◆ EXERCISE
Scan the records below for the line with "在刚刚落幕的国际乒联大满贯赛" and the line with "生产汽车里面的内饰件,产品主", and retype that range exactly, both ends included, pictures excepted.

◆ EXERCISE INPUT
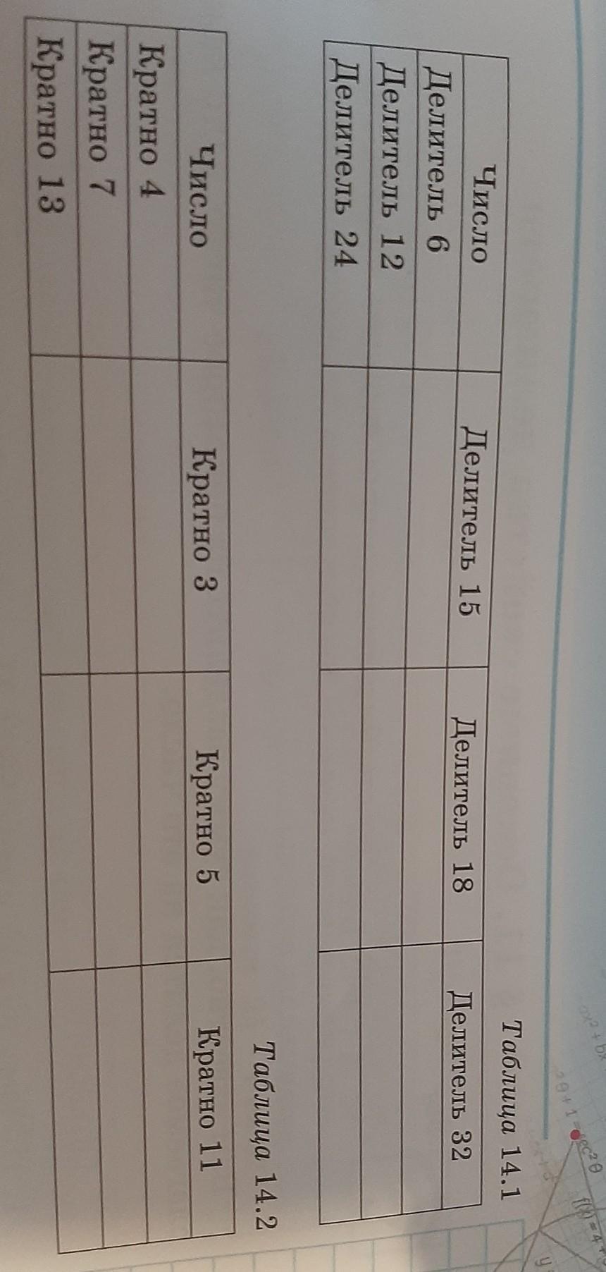 Заполните таблицу 14,вписывая в пустые клетки по два числа,удовлетворяющие обоим условиям
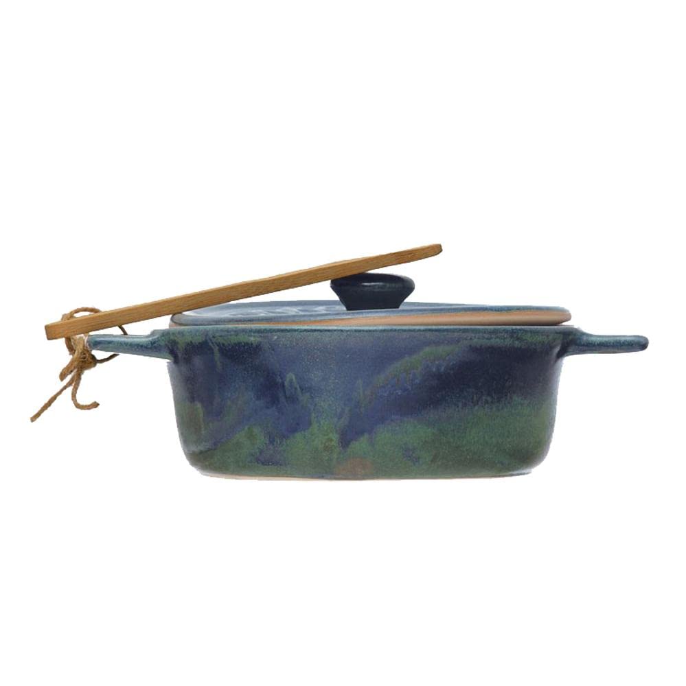 Marble & Mango Wood Pinch Pot w/ Brass Spoon
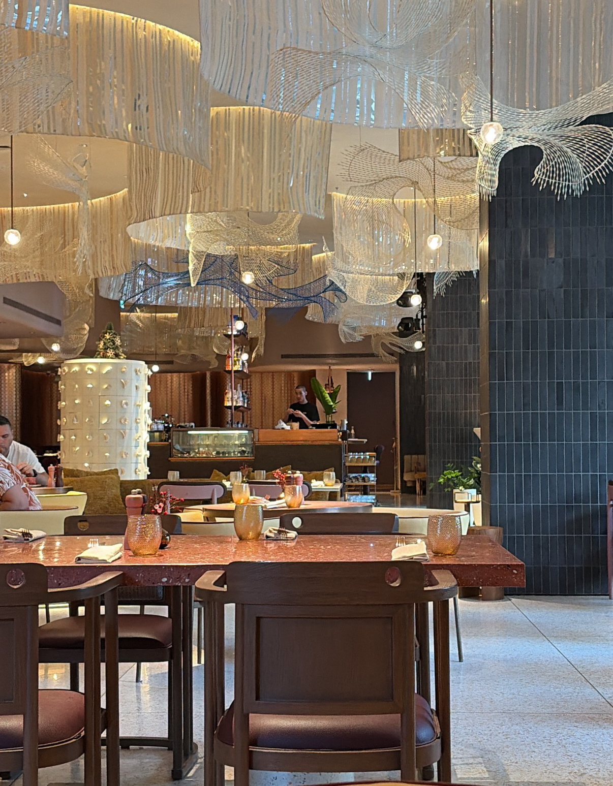그리고 1층 다이닝의 경우 복도를 기준으로 Bar area, Dining area 가 나뉘는데 Bar 쪽에 앉을경우 직원들이 잘 지나다니지 않아, 무언가 요청을 하려면 꽤나 기다려야하는 경우가 많이 발생했었다. 더불어 1층 공간이 뻥 뚫려있어서 택시를 기다리는 인원과 밥을 먹는 인원이 구별이 안되어 뭔가 고급호텔에서 밥을 먹는 다는 느낌 보다는 주위 시선이 많이 느껴지고 어지러운 인상이었다.
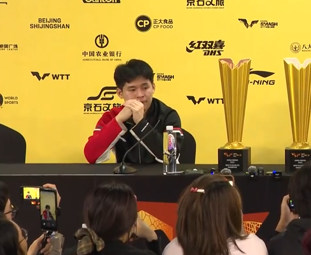 在刚刚落幕的国际乒联大满贯赛事中,中国组合王楚钦/林诗栋以出色发挥斩获男双冠军。赛后发布会上,两位选手分享了夺冠背后的故事与心路历程,其中王楚钦对三线作战的体能挑战直言不讳,林诗栋则特别感谢'头哥'的全程支持。
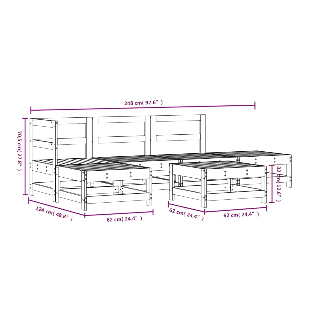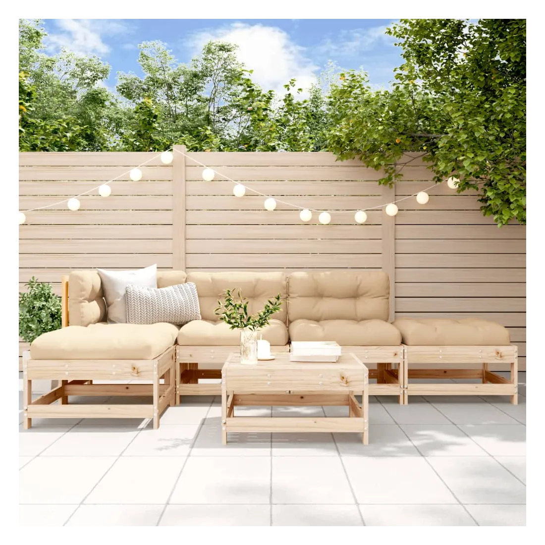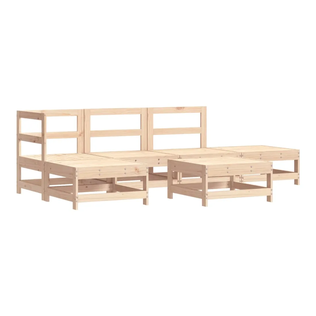 Ce salon de jardin en bois, qui se démarque par son design à lattes, sera un excellent supplément à votre jardin, patio ou terrasse pour profiter d'un moment agréable avec votre famille ou vos amis. Bois de pin massif : le bois de pin massif est un matériau naturel magnifique. Le bois de pin a un grain droit et les nœuds donnent au matériau son aspect caractéristique et rustique.Cadre robuste et stable : les cadres en bois rendent l'ensemble de salon robuste et stable pour une utilisation quotidienne à l'extérieur.Design modulaire : le canapé est flexible et facile à déplacer. Vous pouvez le combiner avec d'autres segments modulaires de la boutique en ligne pour créer vos propres configurations de salon de jardin ! Bon à savoir :Pour que vos meubles d'extérieur restent beaux, nous vous recommandons de les protéger avec une housse imperméable.Les coussins ne sont pas inclus dans la livraison.
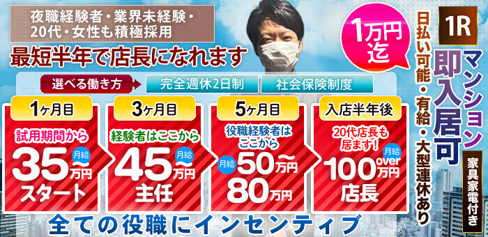 【選べる完全週休2日と無料で即入居可な寮有り】未経験は試用期間から月給35万~、経験者月給45万~スタート!最短半年で店長になれます!夜職経験者、未経験、20代、女性も積極採用!実働9時間、日払・有休
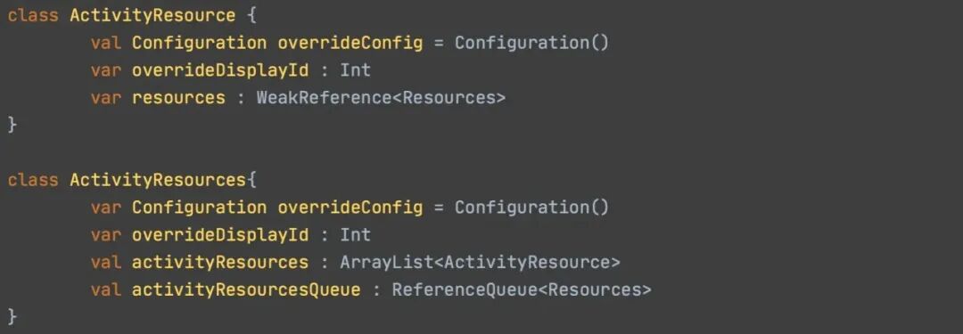 - 原来每当我们初始化一个 Activity,我们所有的 resources 都会被刷新,为什么呢,因为我们的 config 配置可能会改变,比如深色模式切换等。
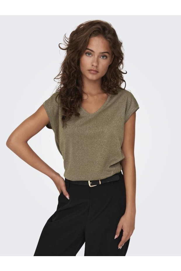 Only ONLSILVERY S/S V NECK LUREX TOP JRS NOOS Falcon TONE IN TONE LUREX
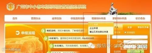 登陆“广州中小客车指标调控管理系统”网站(http://jtzl.gzjt.gov.cn/)后,在增量指标申请选项中选择对应的申请项目。
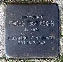 Am 17. Oktober 2022 wurde vor seinem ehemaligen Wohnort, Berlin-Mitte, Jacobystraße ggü. 5, ein Stolperstein verlegt.
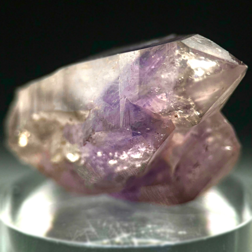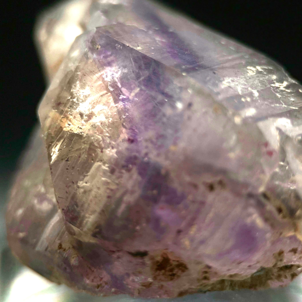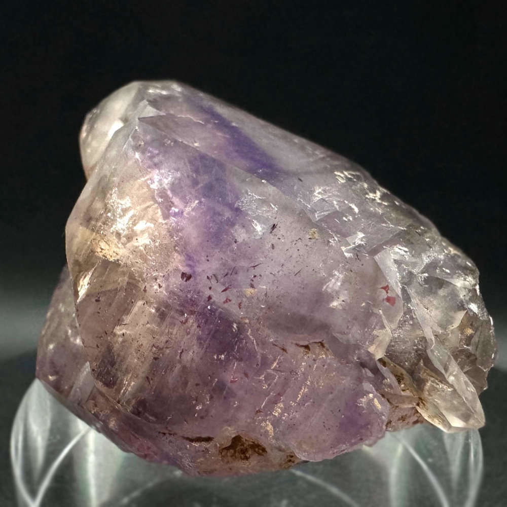 Description: Unsurprisingly, this beautiful phantom cathedral amethyst with hematite inclusions comes from the famous Goboboseb Mountains, Namibia.
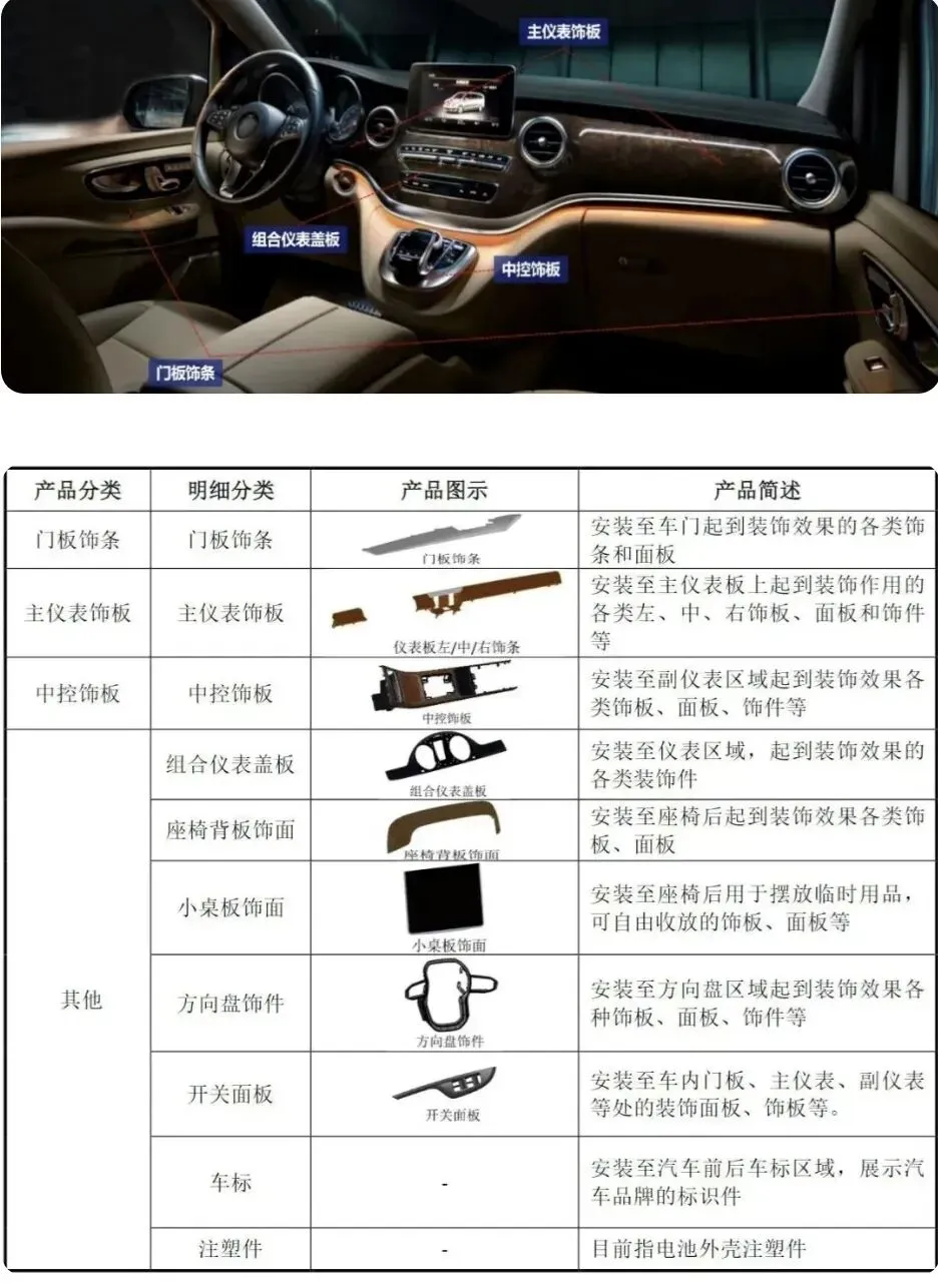生产汽车里面的内饰件,产品主要应用于乘用车的各个部位,可以分为以下几类:门板饰条、主仪表饰板、中控饰板。参考上图就一目了然。?
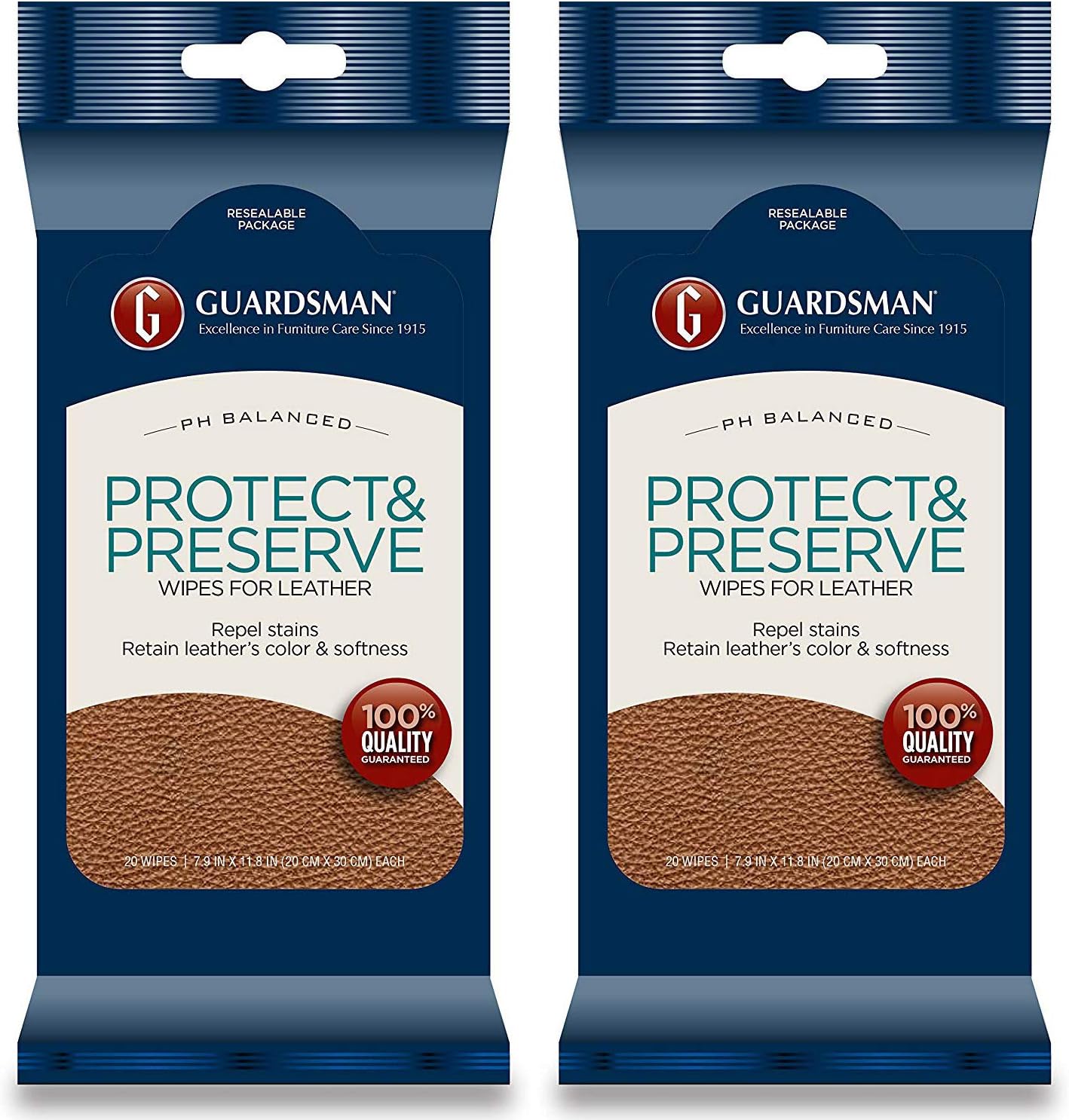 Guardsman Protect & Preserve Wipes for Leather 20 Wipes – Repels Stains, Retains Color and Softness, Great for Leather Furniture & Car Interiors – 2 Pack
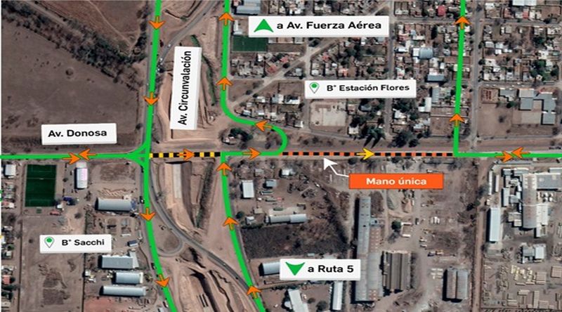 Por ahora se abrió al tránsito la circulación en sentido oeste-este, con lo cual los vehículos que van desde la avenida Fuerza Aérea por la colectora de Circunvalación (en esa zona las calzadas principales están en obra) podrán cruzar hacia el lado izquierdo a través de este puente. Próximamente se habilitará la otra mano (en sentido este-oeste).

◆ SOLUTION
 在刚刚落幕的国际乒联大满贯赛事中,中国组合王楚钦/林诗栋以出色发挥斩获男双冠军。赛后发布会上,两位选手分享了夺冠背后的故事与心路历程,其中王楚钦对三线作战的体能挑战直言不讳,林诗栋则特别感谢'头哥'的全程支持。
 Ce salon de jardin en bois, qui se démarque par son design à lattes, sera un excellent supplément à votre jardin, patio ou terrasse pour profiter d'un moment agréable avec votre famille ou vos amis. Bois de pin massif : le bois de pin massif est un matériau naturel magnifique. Le bois de pin a un grain droit et les nœuds donnent au matériau son aspect caractéristique et rustique.Cadre robuste et stable : les cadres en bois rendent l'ensemble de salon robuste et stable pour une utilisation quotidienne à l'extérieur.Design modulaire : le canapé est flexible et facile à déplacer. Vous pouvez le combiner avec d'autres segments modulaires de la boutique en ligne pour créer vos propres configurations de salon de jardin ! Bon à savoir :Pour que vos meubles d'extérieur restent beaux, nous vous recommandons de les protéger avec une housse imperméable.Les coussins ne sont pas inclus dans la livraison.
 【選べる完全週休2日と無料で即入居可な寮有り】未経験は試用期間から月給35万~、経験者月給45万~スタート!最短半年で店長になれます!夜職経験者、未経験、20代、女性も積極採用!実働9時間、日払・有休
 - 原来每当我们初始化一个 Activity,我们所有的 resources 都会被刷新,为什么呢,因为我们的 config 配置可能会改变,比如深色模式切换等。
 Only ONLSILVERY S/S V NECK LUREX TOP JRS NOOS Falcon TONE IN TONE LUREX
 登陆“广州中小客车指标调控管理系统”网站(http://jtzl.gzjt.gov.cn/)后,在增量指标申请选项中选择对应的申请项目。
 Am 17. Oktober 2022 wurde vor seinem ehemaligen Wohnort, Berlin-Mitte, Jacobystraße ggü. 5, ein Stolperstein verlegt.
 Description: Unsurprisingly, this beautiful phantom cathedral amethyst with hematite inclusions comes from the famous Goboboseb Mountains, Namibia.
生产汽车里面的内饰件,产品主要应用于乘用车的各个部位,可以分为以下几类:门板饰条、主仪表饰板、中控饰板。参考上图就一目了然。?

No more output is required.